There are some labor-saving tricks. First, it usually pays to start with the sparser polynomials (those with fewer non-zero terms). Second, you only have to work up to the highest degree needed for your answer-- $x^{20}$ in this case; higher powers can be discarded. Finally, it may not be necessary to perform the final multiplication. In detail, for this problem, let

$P_2 = 1 + x^2 + x^4 + x^6 + x^8 + x^{10} + x^{12} + x^{14} + x^{16} + x^{18} + x^{20}\\ P_3 = 1 + x^3 + x^6 + x^9 + x^{12} + x^{15} + x^{18} \\ P_7 = 1 + x^7 + x^{14} \\ P_9 = 1 + x^9 + x^{18} \\$

Then, discarding any terms higher than $x^{20}$, we have

$P_7 P_9 = 1 + x^7 + x^9+ x^{14} + x^{16} + x^{18} + \dots$

next

$P_3 P_7 P_9 = 1 + x^3 + x^6 + x^7 + 2x^9 + x^{10} + 2x^{12} + x^{13} + x^{14} + 2x^{15} + 2x^{16} +x^{17} + 3x^{18} + 2x^{19} + x^{20} + \dots$

Now it is not necessary to compute $P_2 P_3 P_7 P_9$, because we are only interested in the coefficient of $x^{20}$ in the final product.
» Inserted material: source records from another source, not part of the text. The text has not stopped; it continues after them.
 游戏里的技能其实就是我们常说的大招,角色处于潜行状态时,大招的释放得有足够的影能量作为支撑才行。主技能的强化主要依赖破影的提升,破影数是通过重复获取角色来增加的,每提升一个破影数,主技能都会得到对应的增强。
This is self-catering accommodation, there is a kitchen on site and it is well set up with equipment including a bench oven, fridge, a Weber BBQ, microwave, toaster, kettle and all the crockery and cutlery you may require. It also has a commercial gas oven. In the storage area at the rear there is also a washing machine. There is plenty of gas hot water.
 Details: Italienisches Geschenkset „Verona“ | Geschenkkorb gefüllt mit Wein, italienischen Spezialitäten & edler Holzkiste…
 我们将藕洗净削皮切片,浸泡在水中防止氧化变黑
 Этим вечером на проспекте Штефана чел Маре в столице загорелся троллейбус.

Since $P_2$ has only even powers of $x$, we can just read off the coefficients of $1, x^2, x^4, \dots , x^{20}$ in $P_3 P_7 P_9$ (the even-powered terms) and add them up:

$1 + 1 + 1 + 2 + 1 + 2 + 3 + 1 = 12$

So the final answer to the number of solutions is 12.

Answer 3

Dealing with coefficients of generating functions is either synthetically (by learning patterns from experience what the formula for coefficients might be) or directly by manipulating the coefficients of constituent gfs (which helps with the first one). Usually the latter ends up by resulting in the multiplication of polymonials.

For multiplying large complicated polynomials in order to get a single coefficient:

• throw away anything above the degree you care about.
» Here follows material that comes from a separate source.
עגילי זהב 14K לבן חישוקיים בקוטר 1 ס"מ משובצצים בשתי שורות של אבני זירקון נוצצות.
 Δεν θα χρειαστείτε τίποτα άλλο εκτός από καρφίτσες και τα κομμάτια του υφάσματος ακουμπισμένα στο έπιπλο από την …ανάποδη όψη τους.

• use grid paper to manage coefficients in a matrix

• shift successive lines so you can add by columns instead of diagonals.
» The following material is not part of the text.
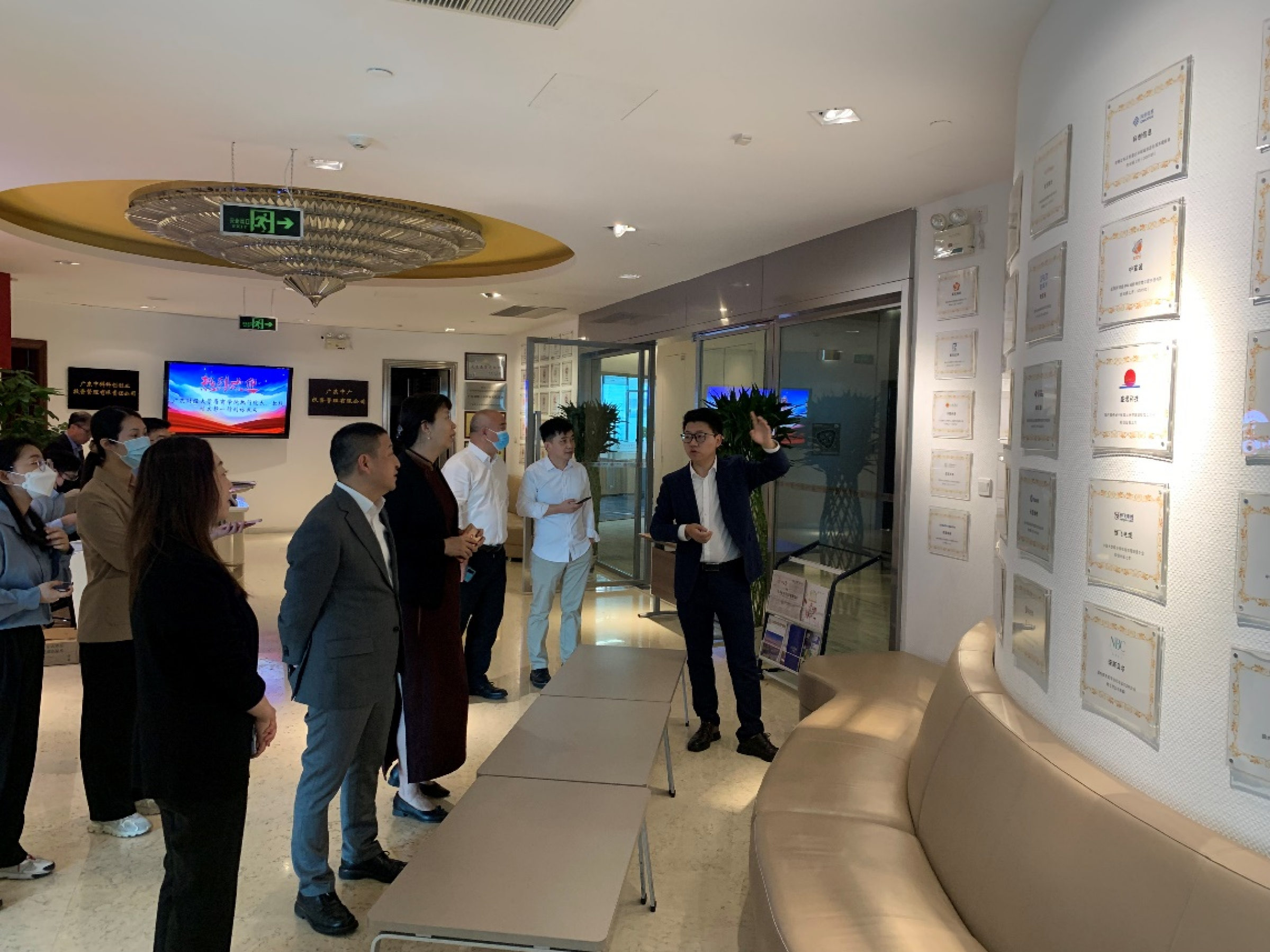 在参观公司的工作环境后,双方在公司会议室座谈交流。会上,郑强简要介绍了公司投资理念,顾文静对此次调研目的做了简要说明。在观看中广投资十年发展史的宣传片后,谭波对公司深耕大湾区发展历程和主要业务情况做了详细介绍。随后,双方在粤商案例开发、研究平台创新、粤商私募投资专题培训、课外实践教学、创业就业指导等方面专题进行座谈。双方对未来校企合作表示了殷切的期望,希望充分发挥学院和企业各自的资源优势,凝聚双方力量,弘扬粤商文化,共同助力粤港澳大湾区的发展。

For example, for $(1 + 3x^2 + x^4 + 2x^6)(1 + 5x^3 + x^6)$:

$$ \begin{array}{c|cccccccc} \hline & 0 & 1 & 2 & 3 & 4 & 5 & 6 & 7 & 8 & 9 & 10 & 11 & 12\\ \hline & 1 & 0 & 3 & 0 & 1 & 0 & 2 \\ \hline 1 & 1 & & 3 & & 1 & & 2 \\ 0 & & & & & & & \\ 0 & & & & & & & \\ 5 & & & & 5 & & 15& & 5 & & 10\\ 0 & & & & & & & \\ 0 & & & & & & & \\ 1 & & & & & & & 1 & & 3 & & 1 & & 2 \\ \hline & 1 & 0 & 3 & 5 & 1 & 15& 3 & 5 & 3 & 10& 1 & 0 & 2 \end{array} $$

for $1 + x^2 + 5x^3 + x^4 + 15 x^5 + 3 x^6 + ...$

If all we wanted was the coefficient of $x^6$, we could have avoided any column beyond 6.

Answer 4

I tried to see if Taylor series could be of any help. They are since you just want to get the coefficient of degree 20. But you can do that from left to right or from right to left (I refer to your writing of the products). It seems to me that from right to left is faster (by hand !).